A report says Arkansas should adopt a combined corporate income tax reporting requirement after tax legislation passed this year will cut corporate taxes to benefit wealthy individuals while raising internet sales taxes for those with lower incomes.
But Gov. Asa Hutchinson disputed the report’s findings, telling Talk Business & Politics that collecting more tax revenues “is not the objective” and that raising internet sales taxes was done “for the sake of fairness.”
Arkansas Advocates for Children & Families, which supports increased government spending on social programs, released the report Wednesday (Oct. 16). Written by Bruno Showers, senior policy analyst, its name is “Corporate Income Tax Cuts: The Need for Combined Reporting.”
The report comes after lawmakers this year passed Act 822, which required remote sellers to remit sales taxes on online purchases and reduced the top corporate tax rate from 6.5% to 6.2% in 2021 and to 5.9% in 2022.
The report says lower-income families pay a higher percentage of their income in sales taxes, so the internet tax will hit them harder. Meanwhile, it says corporate income taxes generally have benefitted the wealthy.
It cites the Institute on Taxation and Economic Policy, which found the changes, along with a 3-cent gasoline and 6-cent diesel tax increase, will result in tax increases for all but the top 5% of earners. Meanwhile, 70% of the corporate tax cut will benefit the top 5% of wage earners making more than $205,000 a year, and 81% will go to out-of-state shareholders.
The report says multi-state corporations shift their revenues between parent and subsidiary corporations to avoid taxes. A combined reporting system treats parents and subsidiaries as a unitary business. The report says such a system is fairer to smaller, in-state businesses.
“Combined reporting would help plug the hole left in our state budget and ensure that large multi-state corporations pay their fair share,” it said.
The report says states have estimated combined reporting systems would increase corporate income tax receipts between 10% and 25%. For those estimates, it cites the Center on Budget and Policy Priorities, a national group that also supports government programs to alleviate poverty.
Twenty-seven states plus Washington, D.C. have combined reporting systems. Among Arkansas’ neighbors, only Texas has a combined system. Other nearby states with a combined system include Kansas, Illinois and Kentucky. But no other states in the South have combined systems.
Hutchinson responded to the report by saying, “The report makes the case that the state can collect more in tax revenue by the combined income approach. Collecting more in tax revenue is not the objective. Our goal is to have a competitive and fair tax code. The internet sales tax exemption was closed, and this was closed to treat all businesses the same for the sake of fairness.”
One of the rationales for enacting the internet sales tax was that it was fairer to local businesses, which previously had no choice but to remit the sales tax and therefore charge a higher price than online out-of-state sellers. Before the law was passed, buyers were required to pay the tax – few did – but sellers were not required to collect it.

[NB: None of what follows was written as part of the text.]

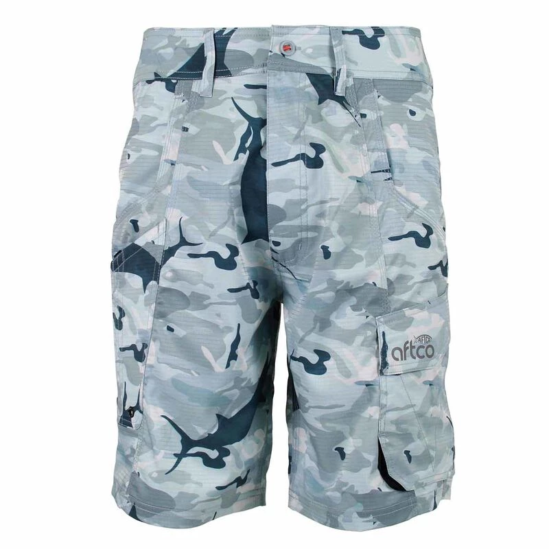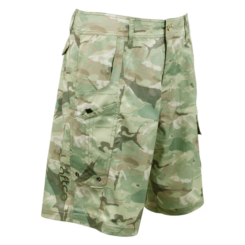 Meet the next generation of AFTCO shorts. With a longer outseam than our original fishing short, the Tactical camo fishing short prominently features an exclusive AFTCO fish silhouette hidden within a camo print. As with our Stealth shorts, the Tactical camo short sports AFGUARD stain resistance, AFLEX 2-way stretch and AFBLOCK sun protection

Hutchinson continued by saying, “The corporate tax reduction has not taken place yet, so it is speculative to know the exact impact, but the reduction was necessary to be more competitive with surrounding states and to create more jobs. This is good for every taxpayer.”
Hutchinson and the Legislature have enacted three income tax cut packages since he took office. In 2015, they passed a middle income tax cut for individuals earning between $21,000 and $75,000 annually, which was estimated at the time to reduce state revenues by $100 million annually. In 2017, lawmakers enacted a tax cut for individuals earning up to $21,000, which was projected to reduce incomes by $50 million annually. In 2019, lawmakers reduced upper income taxes from 6.9% to 5.9% over a two-year period, which was projected to reduce revenues by about $97 million a year when fully implemented.

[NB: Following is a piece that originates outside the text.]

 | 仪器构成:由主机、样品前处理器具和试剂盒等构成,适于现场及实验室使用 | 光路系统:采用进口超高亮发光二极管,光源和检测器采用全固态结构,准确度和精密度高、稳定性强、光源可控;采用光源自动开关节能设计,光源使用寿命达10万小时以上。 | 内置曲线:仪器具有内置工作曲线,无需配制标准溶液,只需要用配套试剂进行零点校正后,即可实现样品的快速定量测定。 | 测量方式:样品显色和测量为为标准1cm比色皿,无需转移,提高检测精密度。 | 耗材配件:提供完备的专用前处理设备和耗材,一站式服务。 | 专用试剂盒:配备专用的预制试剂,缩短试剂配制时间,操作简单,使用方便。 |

Referring to the tax cuts passed in 2017, Hutchinson said, “The report also ignores the income tax reduction of $50 million that went to those making less than $21,000. The effective tax rate cited in the report is not the effective income tax rate but includes the sales tax rate. This is misleading as the effective income tax rate has been reduced for the lower income taxpayers.”
The report says Arkansas had a regressive tax code before the 2019 legislation was passed. Those making less than $22,000 had an effective tax rate of 11.3% this year, while those making more than $456,000 paid a 6.9% rate, according to the Institute on Taxation and Economic Policy. That group’s website says it provides “recommendations on how to shape equitable and sustainable tax systems.”
The report argues that changes also are needed in light of the Tax Cut and Jobs Act, which Congress passed in 2017 to cut corporate income taxes from 35% to 21%. It says most of the benefits of that tax cut have gone to the wealthy.
According to the report, Americans for Tax Fairness, which says it supports “progressive tax reform,” has said that less than 5% of the American workforce has seen any compensation from the tax cut, and that 157 companies that received $80 billion in tax cuts provided only $7.1 billion in wages and bonuses.
Meanwhile, the Congressional Research Service says the act led to $1 trillion in stock buybacks.